This weekend, about 65 people walked around bits of Ward 18 with their councillor, Ana Bailao, and a few of the city’s planning staff talking about Queen Street past and future.
“We discussed everything from public space to the heritage buildings,” Councillor Bailao says, “how the older buildings were in relation to some of the new condos. The Gladstone, what is now the Theatre Centre that used to be a Carnegie library. How people see all that integrating is really important.”
It’s an approach to the public meeting the city’s been using for a few years now, getting citizens out of the meeting rooms and away from the Powerpoint and into the streets.
“I think it’s extremely valuable,” Bailao says. “You experience the environment you’re talking about, the heights of the buildings, the light, the contrasts; you’re looking at what’s going to be the new park.”

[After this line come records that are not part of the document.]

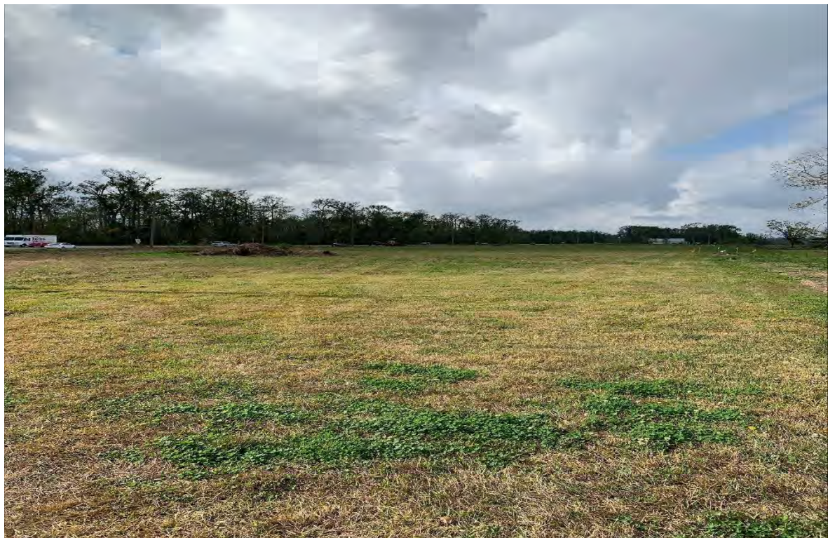
Figure 4: Photograph of Existing Site Conditions at the Proposed 1187 Bayou Gardens Blvd Group Site Facing Southwest
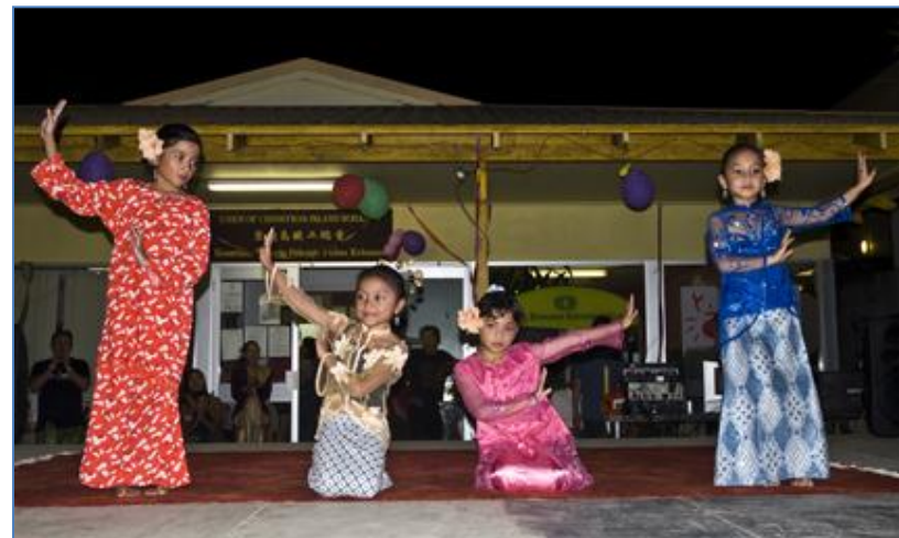
Malay Cultural Performance
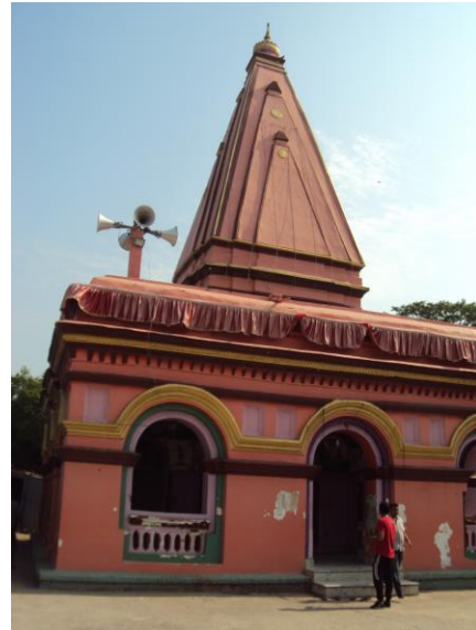
Fig. 2: Kankalini Temple
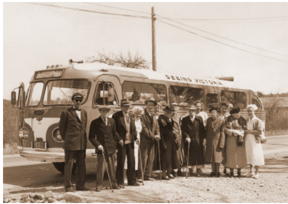
An Outing to the Butchart Gardens Saanich Archives
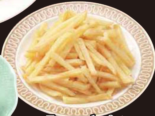
French fries ¥380
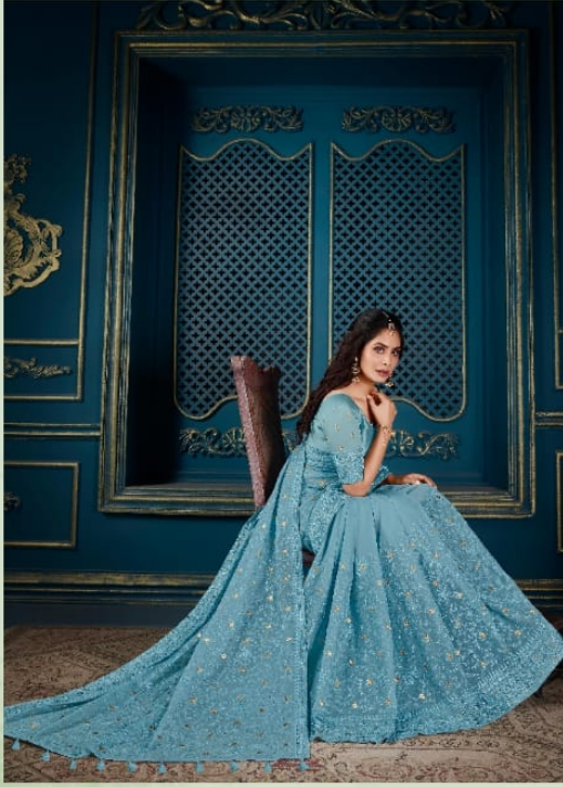
05 We're feeling beauty this winter with amazing design and pleasing colours promise to get us in the mood. In a single bound
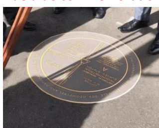
FIG International Institution for the History of Surveying and Measurement, IIHS&M, has been helpful in the process of commemorating the irst trigonometric allotment in coordinated system. IIHSΜ has been working on this since the FIG Congress 2010 in Sydney, Australia

http://www.fig.net/news/news_2017/05_adelaide.asp
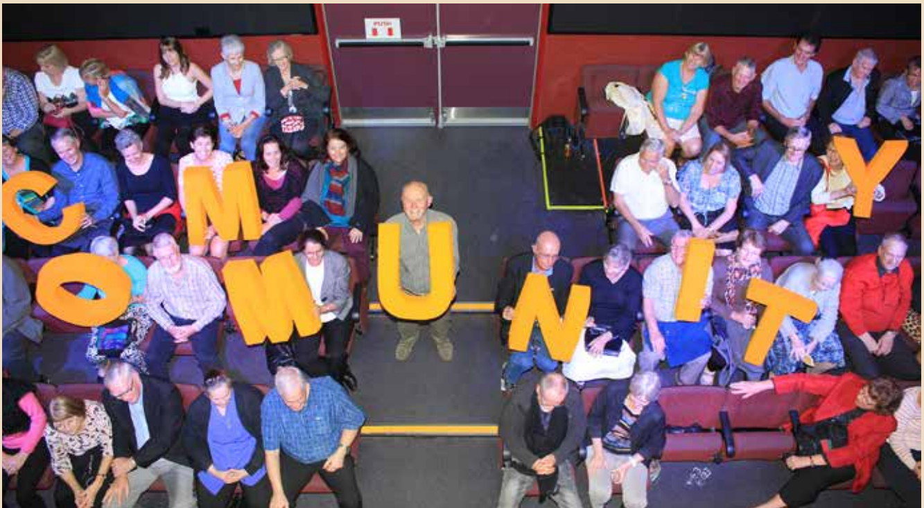
Sunshine Coast Alive tickets on sale soon.

Our Sunshine Coast Community Bank ® branches have contributed ongoing funding to Sunshine Coast Alive over the past five years and remain committed to nurturing our creative talents on the Sunshine Coast.
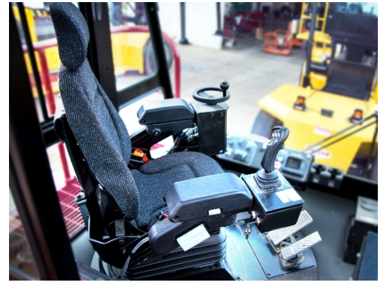
Fully Enclosed 2-door Cab - 180° Rotating Operator Platform (Standard)
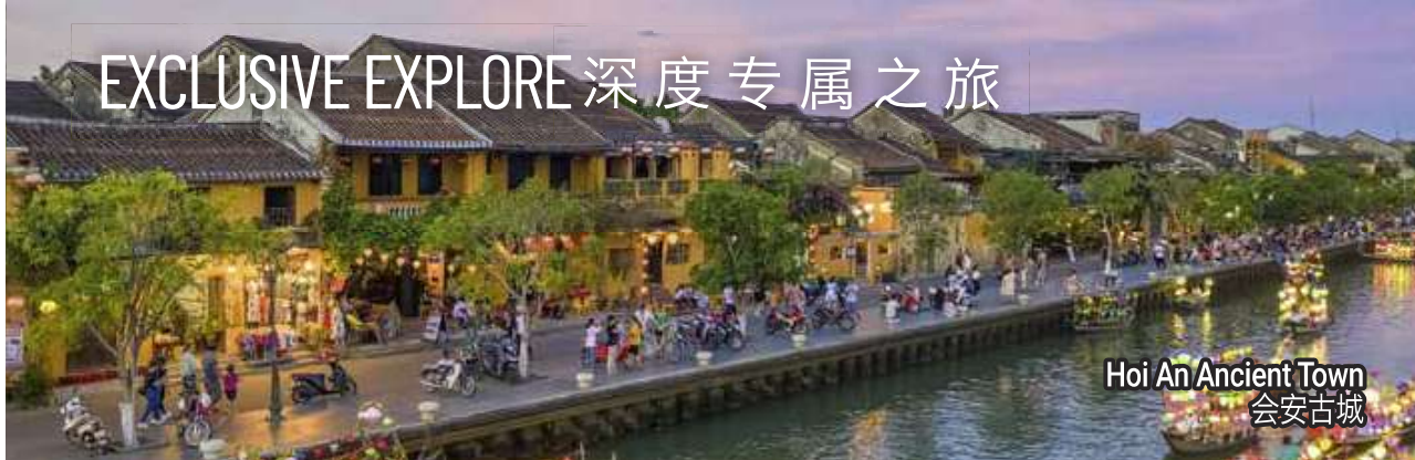
Hoi An Ancient Town 会安古城
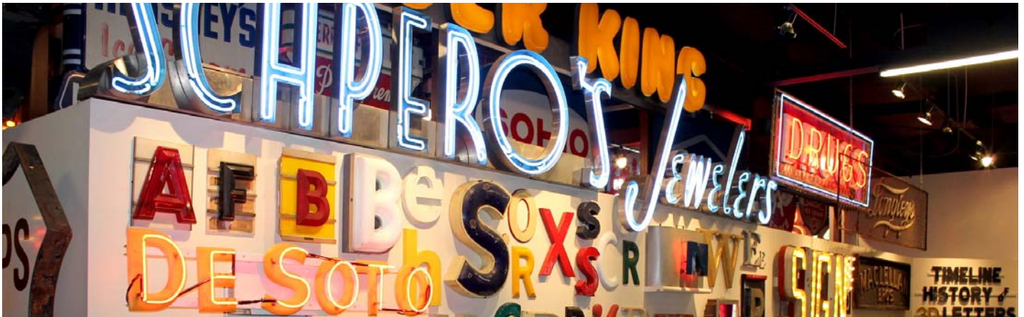
Signs of all kinds will be on display during the Ohio Valley Early Birds visit to the American Sign Museum on November 17
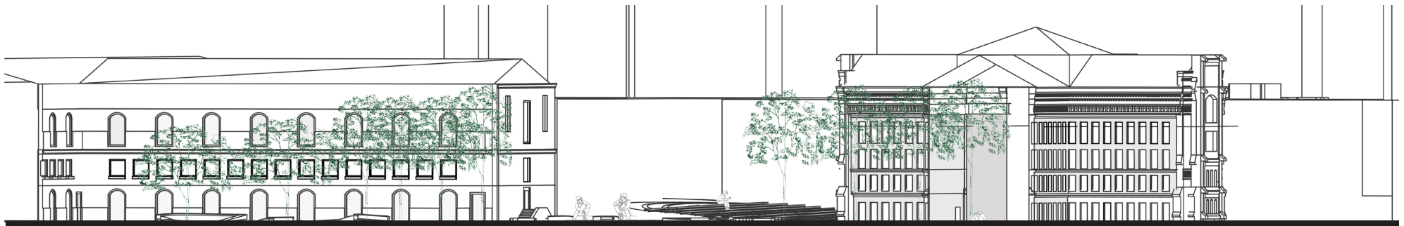
• Section B-B'
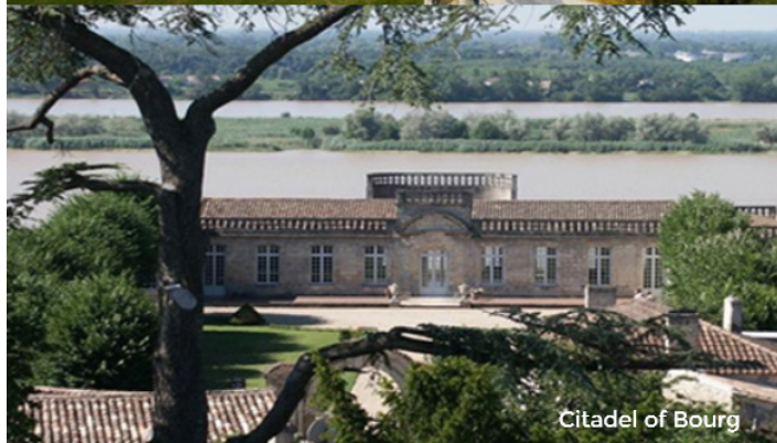
Citadel of Bourg

The walk, and the report that will follow in February based on the participants comments, is the result of a November, 2013 city council decision to do a planning study of Queen between Bathurst and Roncesvalles, an area that could, given recent precedent, end up being known as West West Queen West, or Queen West West West.
According to
the city, the study is looking at “heritage character and value of buildings in the area, built-form and height of new developments, existing policy context, transit capacity and parking in the area, public space improvements, understanding and defining the character of the street and developing a vision for future development along the street.”
A
preliminary report was issued at a more traditional community consultation on July 10 of this year.